One wonders who are indeed the biggest gangsters in democratic South Africa within a system, which by looting the state controlled resources displays almost symbiotic links between organized crime in all forms and cohorts in government and the public administration, the state owned enterprises and the security branches. Dlamini-Zuma did not even bother to convincingly dismiss the accusation (supported by visual documentation through photos showing her in the company of the unsavory entrepreneur) that she received donations for her campaign from a kingpin in the lucrative business of cigarette smuggling. Meanwhile, Ramaphosa had to limit the damage of a deliberate indiscretion, which dragged into public domain his extramarital affairs. But throughout the campaign trail he was not even by the opposing camp forced to revisit his role in the massacre of striking miners at Marikana. It almost seems as if such involvements with fatal consequences for common people murdered in cold blood are considered these days as an integral part of the political profession within the higher ranks of the ANC and not as immoral as playing around. As pointed out by Richard Poplak:

“Laughably ‘radical economic transformation’ (a wacky buzzterm better described as ‘hyper-accelerated unguided wealth redistribution’) is facing off against Ramaphosaism (basically, Angela Merkel’s Germany without an operational economy). How these two sides are supposed to reconcile with each other employing the essential element of politics – compromise – is beyond the ken even of metaphysics. (…) Ultimately, this fight is about how the spoils of the state are spread around.”

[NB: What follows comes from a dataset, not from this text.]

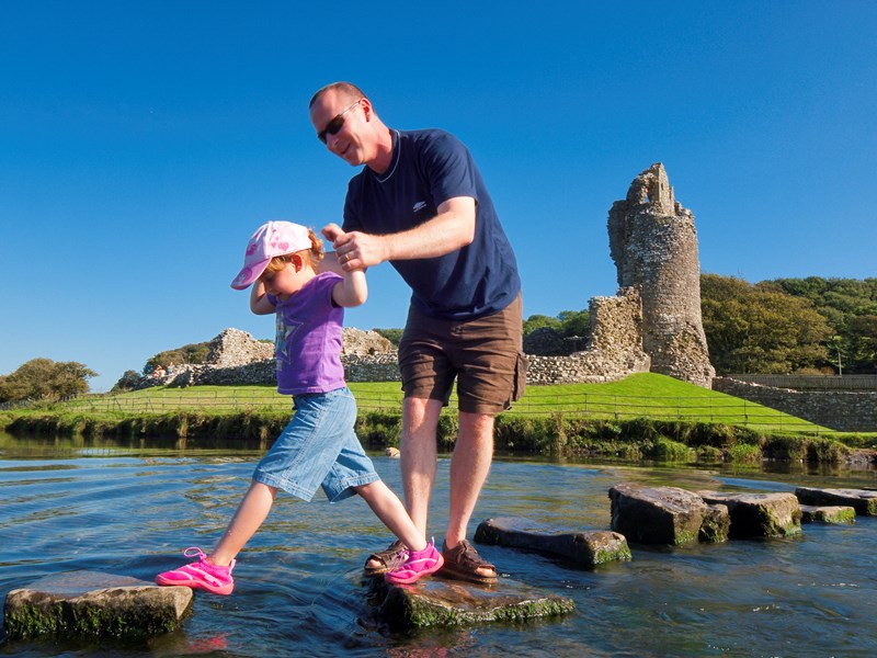 Along the route enjoy the thatched cottages and meadows of Merthyr Mawr village before crossing the iconic stepping stones to the dramatic ruins of Ogmore Castle.

And so the ritual unfolds, pretending that the congress and its elections are about finding the best option for post-Apartheid good governance in a country, which despite its wealth remains among the most unequal societies on our planet. Where race is regularly used as convenient smokescreen to cover up realities of an unashamed predatory capitalism, which – independent of race – is purely guided by the looting of the resources at the expense of the ordinary people for the benefit of a few.   A most appropriate assessment of what to expect has been made in a pre-conference analysis by Mashupye Herbert Maserumule. Warning of the misleading implications of appealing to unity in the party ahead of the elections, he reminded us:

“The contest for the leadership of the ANC is in fact about proximity to state resources, not restoring its foundational value (…) it’s important to remember that when the ethical edifice collapses, society becomes the victim of the leadership of scoundrels.”

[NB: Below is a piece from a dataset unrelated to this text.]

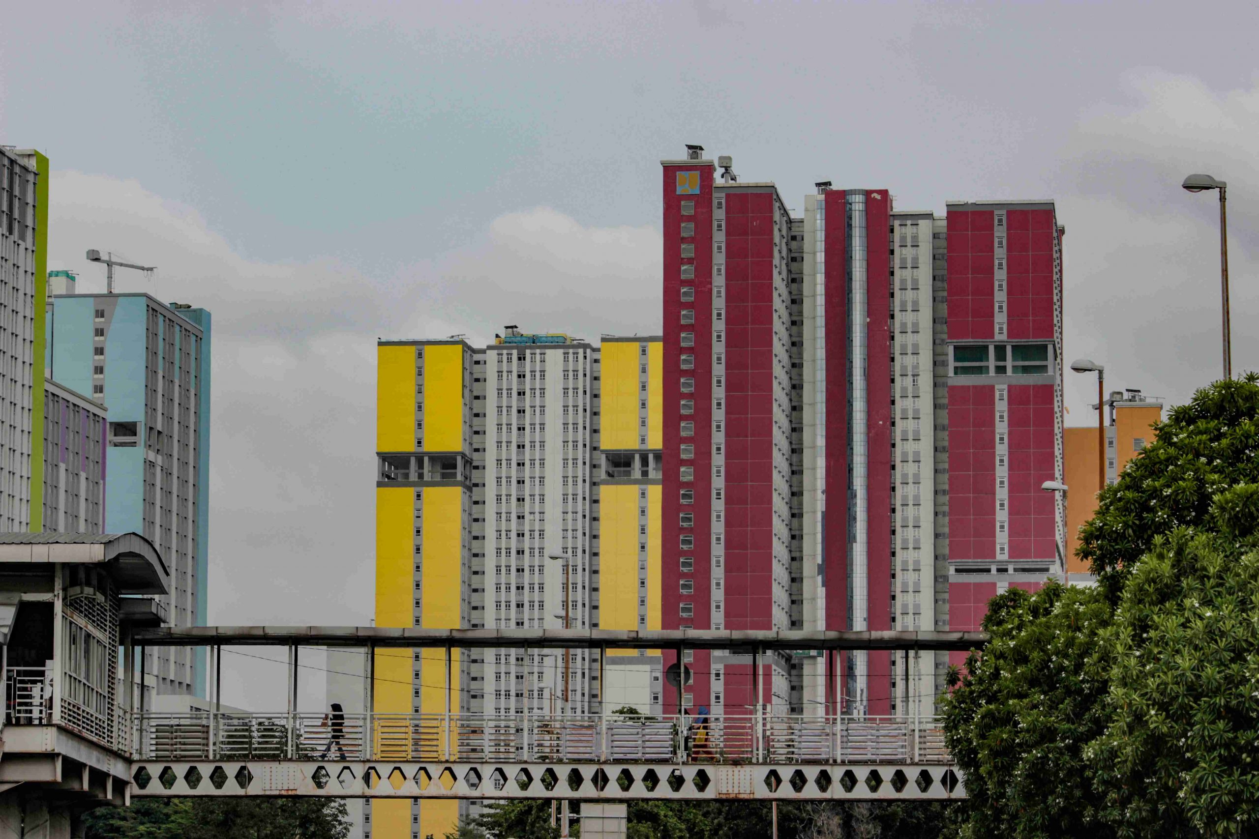 Anggota menyeberang di JPO dengan latar belakang Wisma Atlet Kemayoran di Kemayoran, Jakarta, Jumat (14/02/2025). Pemerintah Begitu tengah melakukan revitalisasi Wisma Atlet Kemayoran dan Wisma Atlet Pademangan Kepada dijadikan hunian bagi masyarakat berpenghasilan rendah (MBR) dan juga Aparatur Sipil Negara (ASN). Revitalisasi tersebut ditargetkan rampung pada April 2025 dan siap diresmikan. MI/Usman Iskandar/Ppj

Not surprisingly, tales of bribery and vote buying have accompanied the nomination of delegates to the congress and their registration since weeks. It almost seems that the winner will be the one who was better in pulling the strings. For those aware of the survival abilities of Jacob Zuma this is not of much comfort, given his talent to literally laugh off any form of threat to his kleptocratic running of the office. It therefore is also of concern that just now the most draconian state of emergency laws are in the pipeline, which would allow the head of state far-reaching executive powers to act again in his own interest alone.  As president Zuma declared in the opening speech to the congress, after the end of Apartheid

“we had to implement more radical measures to realize the injunction of the Freedom Charter that the People Shall Share in the Wealth of the Country or alternatively, we had to accept that it would forever remain a dream.”

The outcome of the conference will impact on the party’s further course and most likely also on Zuma’s future. But the promise and dream of emancipation from the colonial yoke for the benefit of the ordinary people through a former liberation movement now in power will remain just like elsewhere in the sub-region an empty promise and dream. The conference will therefore not solve the party’s problems, and not those of South Africa. As diagnosed by Eusebius McKaiser:

“Whoever wins this weekend, the country will remain in trouble for a while yet.” 


Henning Melber is Senior Research Associate of the Nordic Africa Institute and currently the Van Zyl Slabbert Visiting Professor at the University of Cape Town.